Mr. C. Sharp has taken down a variant as "Midsummer Fair" in Somersetshire. The words so far as they went were the same, but each verse ended in a jingle instead of names.
[17.] Ye Maidens Pretty. The words and melody from James Parsons. The fullest Broadside version, but very corrupt, is one published at Aberdeen, Ballads, B.M. (1871, f, p. 61); another, shorter, by Williams of Portsea. In both great confusion has been made by some ignorant poetaster in enlarging and altering, so that in many of the verses the rhymes have been lost. This is how the Aberdeen Broadside copy begins—
"You maidens pretty
In country and city
With pity hear,
My mournful tale;
A maid confounded,
In sorrow drownded,
And deeply wounded,
With grief and pain."
In the third line the "pity" has got misplaced, and "sad complain" has been turned into "mournful tale," to the loss of the rhyme.
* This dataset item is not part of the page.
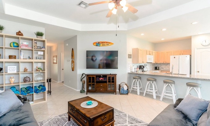 Welcome to Putter's Paradise; a beautiful Golf Villa located at the 18th tee box! This Fabulous Villa features 3 bedrooms (K, Q, 2 Twin XL), 2 baths (5 piece primary and full 2nd bath) and all the luxuries of home! The Villa is furnished with everything you need for a relaxing tropical getaway so pack light! What we offer: Ceiling fans and TV's in the living room and all of the bedrooms. A stocked kitchen that boasts granite counter tops, a microwave, large refrigerator with ice maker, dishwasher, electric stove, filtered water tap and includes a hot drink station with a Dual Keurig coffee maker, ground coffee, coffee pods, tea packets, sweeteners and powdered creamer. The dining area has a nice sized table with seating for 6 and is great for playing games. Oh did we mention that there is a variety of board and card games provided! The bathrooms are stocked with shampoo, conditioner, body wash and a hair dryer. Of course bath towels, hand towels, washcloths and makeup towels are also provided. Sit back and relax in the screened in porch that faces the 18th tee box. It is fun to watch and wave at the golfers and they go by. This is also excellent for sipping your morning coffee and watching the sunrise. There is a gas grill if you're in the mood for grilling! In the laundry room you will find a washer/dryer, laundry pods and fabric softener sheets. This is also where you will find the beach and pool items which you are welcome to use. There are lawn chairs, coolers, beach bags, noodles, sunscreen and bug spray. There are also plenty of beach towels! While the garage is not available for guest parking, there are 2 parking spots in front of the garage and an additional parking spot off to the side. What more could you want? Well how about access to 2 swimming pools, tennis court, fitness room, clubhouse, onsite dining AND an 18 hole professional golf course (with fee) all in a quiet, relaxing gated community. Nearby attractions include the beach, great dining options, museums, shopping, dolphin watching, fishing, parasailing, shelling, bird watching, horseback riding, wild life preserve and much more. You can even take a short drive and spend the day in Nuevo Progreso, Mexico (passports encouraged for ease of reentry into the US however you can gain entry with just your ID).

Verse 4 has fared even worse. It runs—
"My hardened parents
Gave special order
That I should be
Close confined be (sic.)
Within my chamber
Far from all danger,
Or lest that I
Should my darling see."
A parody on the song was written by Ashley, of Bath, and sung in "Bombastes Furioso," Rhodes' burlesque, in 1810, to the Irish tune of "Paddy O'Carrol." This appears also in "The London Warbler," 3 vols., N.D., but about 1826, vol. i. p. 80—
"My love is so pretty, so gay, and so witty,
All in town, court, and city, to her must give place.
My Lord on the woolsack, his coachman did pull back,
To have a look, full smack, at her pretty face," etc.
A Catnach Broadside, "The Cruel Father and the Affectionate Lovers," is a new version of the original ballad. Words and melody are probably of the Elizabethan age; an air to which this ballad has been recovered from tradition in Surrey resembles ours, and is a corruption of the earlier melody.
The ballad goes back to a remote antiquity. The French have it, a "complainte romanesque," of which Tiersot says: "It was known in past ages, as is shown by a semi-literary imitation, published in a song-book of the beginning of the 17th century. And in our own day, poets and literary men, such as Gerard de Nerval, Prosper Mérimée, M. Auguste Vitu, have given their names to it, having picked it up as a precious thing from oral recitations by the peasants of our provinces." It is the ballad of a princess loving a knight, "qu' n'a pas vaillant six deniers." The King Loys, her father, has imprisoned her in the highest of his towers—
"Elle y fut bien sept ans passés
Sans qu' son pèr' vint la visiter;
Et quand l'y eut sept ans passés,
Son père la fut visiter."—Tiersot, op. cit. p. 20.